- Work request -
For the data below, retype word for word the lines from the one containing "Jól kezdődik a" through the one containing "De Virell 3-lichts"; drop the pictures.

- Dataset extract -
==*==

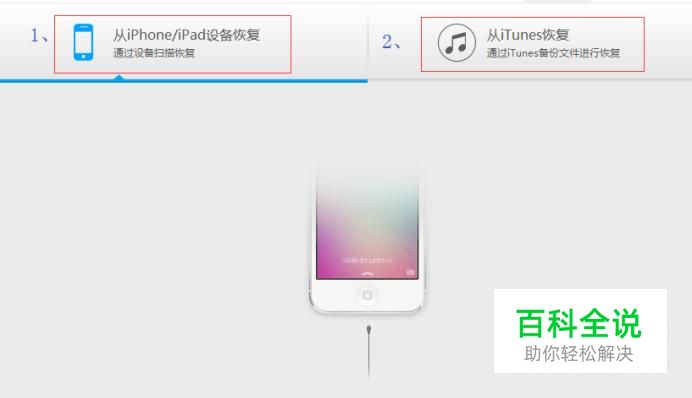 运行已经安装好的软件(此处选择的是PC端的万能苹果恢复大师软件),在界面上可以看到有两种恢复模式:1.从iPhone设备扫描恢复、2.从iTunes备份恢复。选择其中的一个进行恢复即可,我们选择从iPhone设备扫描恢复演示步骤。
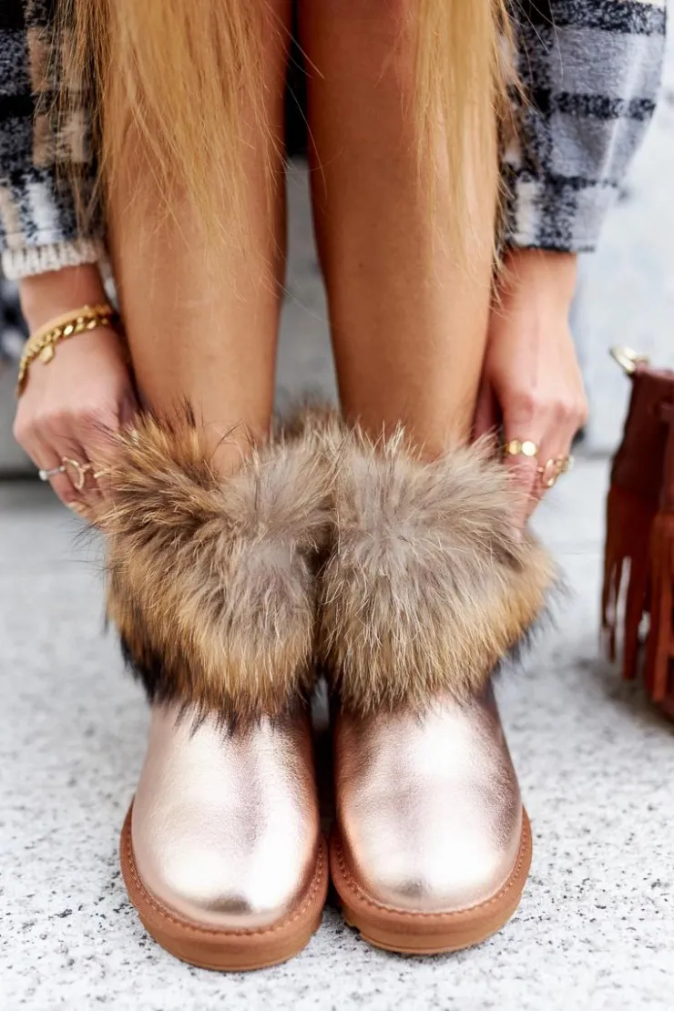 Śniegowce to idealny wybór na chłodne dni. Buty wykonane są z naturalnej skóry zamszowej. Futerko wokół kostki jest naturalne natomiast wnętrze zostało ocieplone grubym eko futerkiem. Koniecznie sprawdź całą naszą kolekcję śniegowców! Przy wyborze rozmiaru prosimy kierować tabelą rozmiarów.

==*==

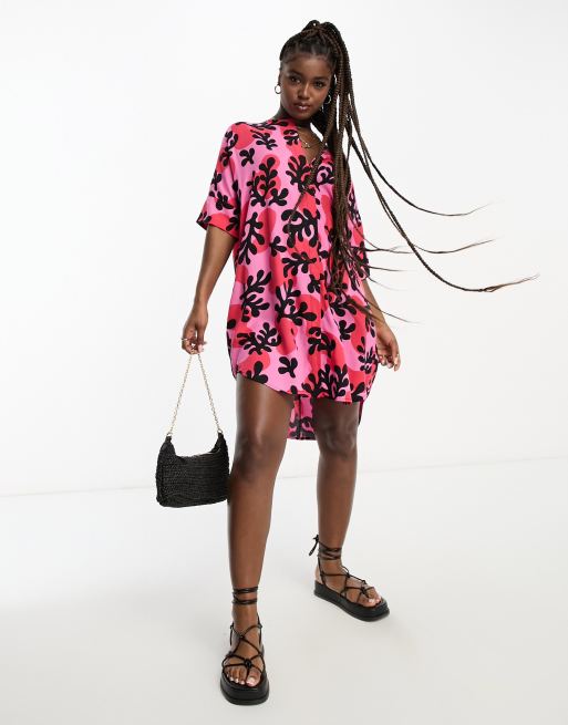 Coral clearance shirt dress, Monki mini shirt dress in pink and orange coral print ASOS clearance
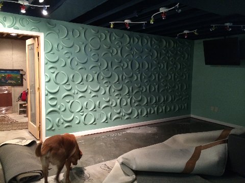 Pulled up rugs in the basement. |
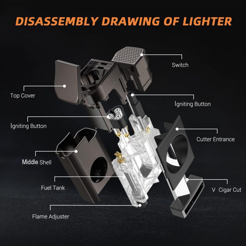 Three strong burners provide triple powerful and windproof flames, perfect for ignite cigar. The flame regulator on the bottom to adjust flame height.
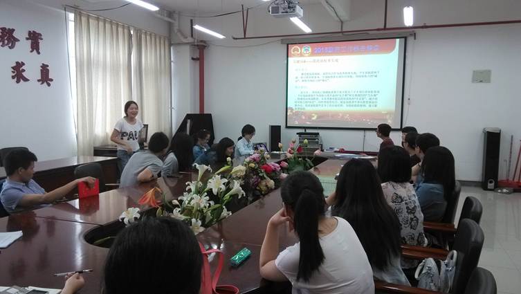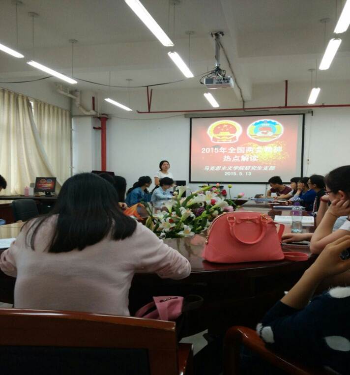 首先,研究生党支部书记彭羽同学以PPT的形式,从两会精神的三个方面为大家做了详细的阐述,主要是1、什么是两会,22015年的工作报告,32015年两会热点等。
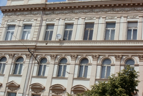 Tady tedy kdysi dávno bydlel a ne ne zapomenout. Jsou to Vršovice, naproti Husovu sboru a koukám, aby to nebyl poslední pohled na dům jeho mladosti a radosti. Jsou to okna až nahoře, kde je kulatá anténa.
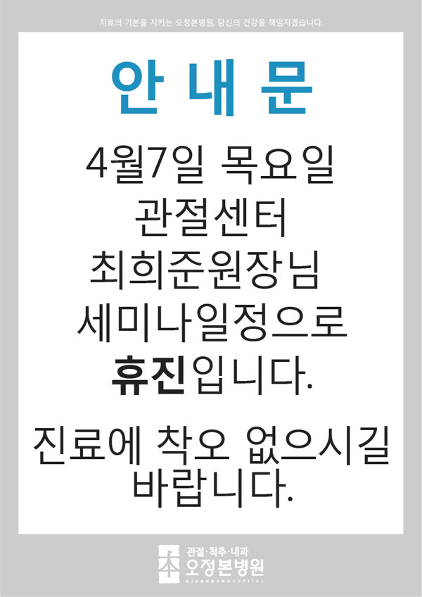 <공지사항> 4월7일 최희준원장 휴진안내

==*==

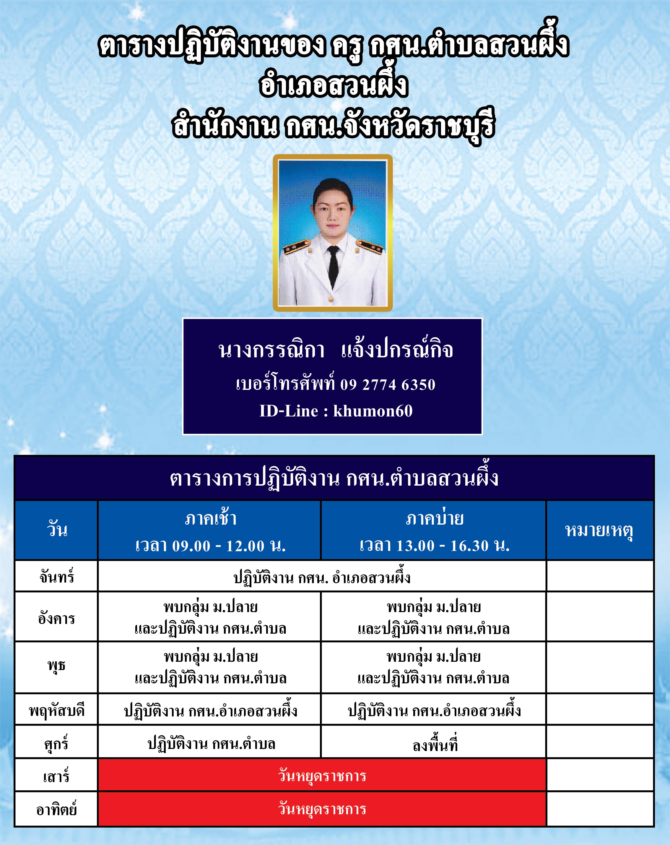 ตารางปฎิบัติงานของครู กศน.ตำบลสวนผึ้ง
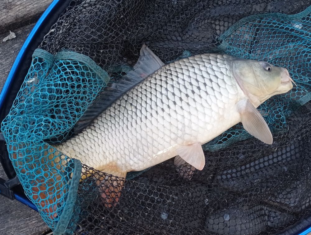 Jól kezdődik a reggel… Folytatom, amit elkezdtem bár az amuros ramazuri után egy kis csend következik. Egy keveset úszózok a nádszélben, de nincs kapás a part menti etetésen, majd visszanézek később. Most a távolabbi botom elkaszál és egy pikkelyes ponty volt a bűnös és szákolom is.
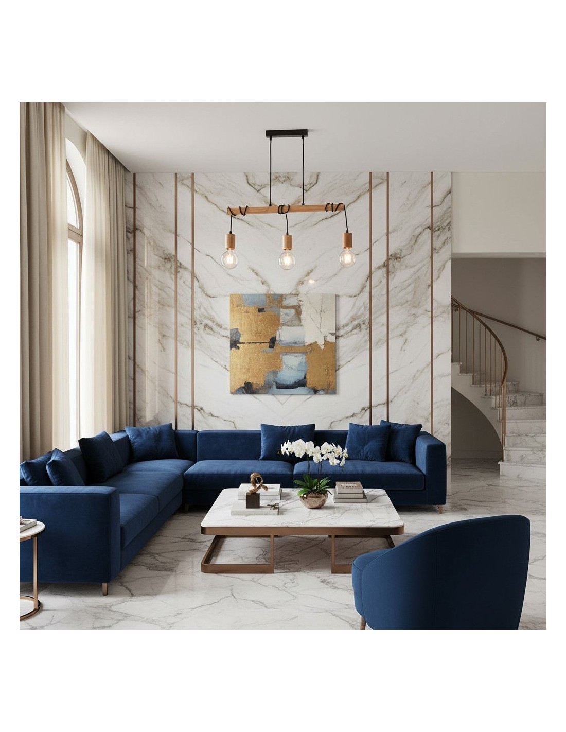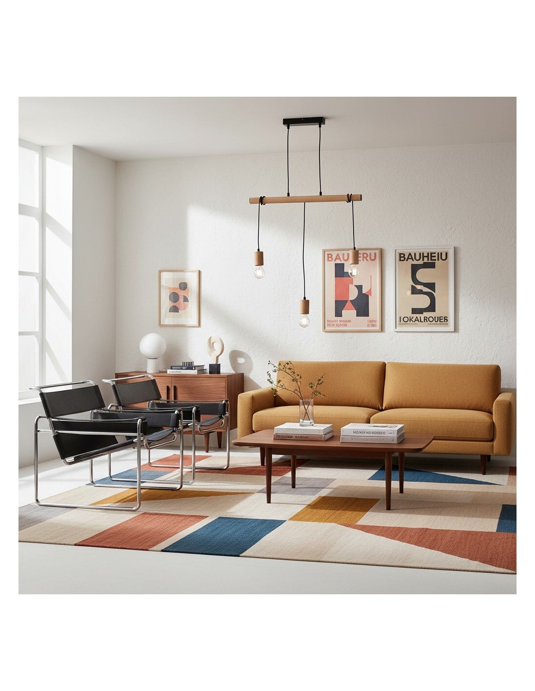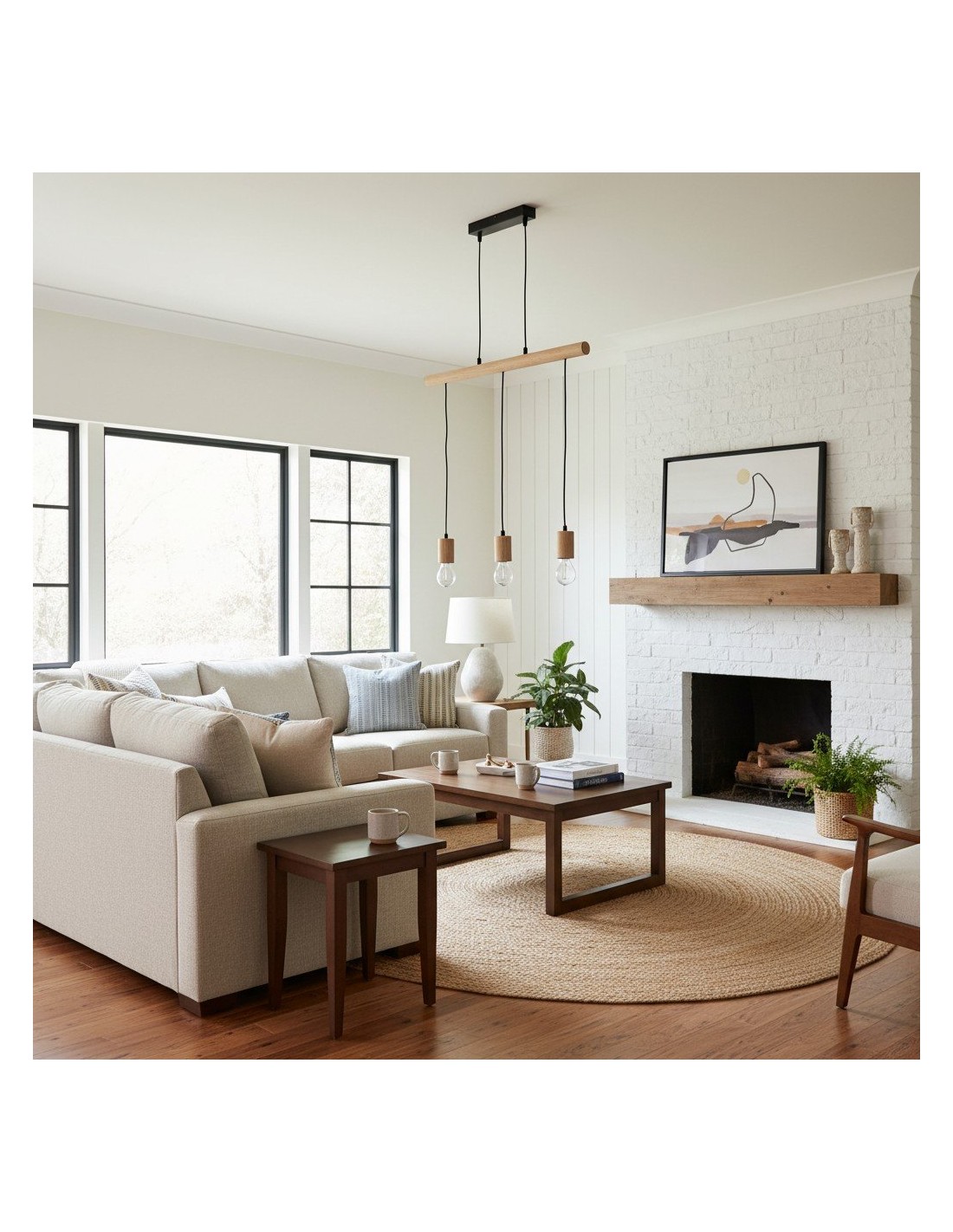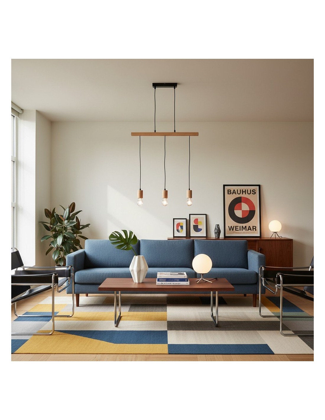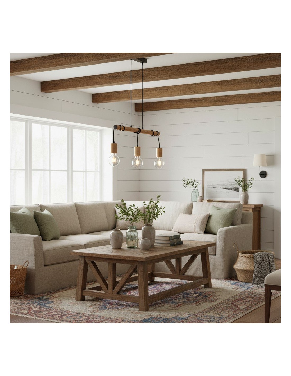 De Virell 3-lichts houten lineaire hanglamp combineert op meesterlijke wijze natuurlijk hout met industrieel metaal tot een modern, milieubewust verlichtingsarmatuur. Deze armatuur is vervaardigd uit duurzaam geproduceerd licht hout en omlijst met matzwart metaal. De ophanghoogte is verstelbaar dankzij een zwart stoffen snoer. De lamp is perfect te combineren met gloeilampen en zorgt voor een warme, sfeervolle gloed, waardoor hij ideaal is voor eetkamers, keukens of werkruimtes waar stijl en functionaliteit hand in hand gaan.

==*==

- Exercise result -
 Jól kezdődik a reggel… Folytatom, amit elkezdtem bár az amuros ramazuri után egy kis csend következik. Egy keveset úszózok a nádszélben, de nincs kapás a part menti etetésen, majd visszanézek később. Most a távolabbi botom elkaszál és egy pikkelyes ponty volt a bűnös és szákolom is.
 De Virell 3-lichts houten lineaire hanglamp combineert op meesterlijke wijze natuurlijk hout met industrieel metaal tot een modern, milieubewust verlichtingsarmatuur. Deze armatuur is vervaardigd uit duurzaam geproduceerd licht hout en omlijst met matzwart metaal. De ophanghoogte is verstelbaar dankzij een zwart stoffen snoer. De lamp is perfect te combineren met gloeilampen en zorgt voor een warme, sfeervolle gloed, waardoor hij ideaal is voor eetkamers, keukens of werkruimtes waar stijl en functionaliteit hand in hand gaan.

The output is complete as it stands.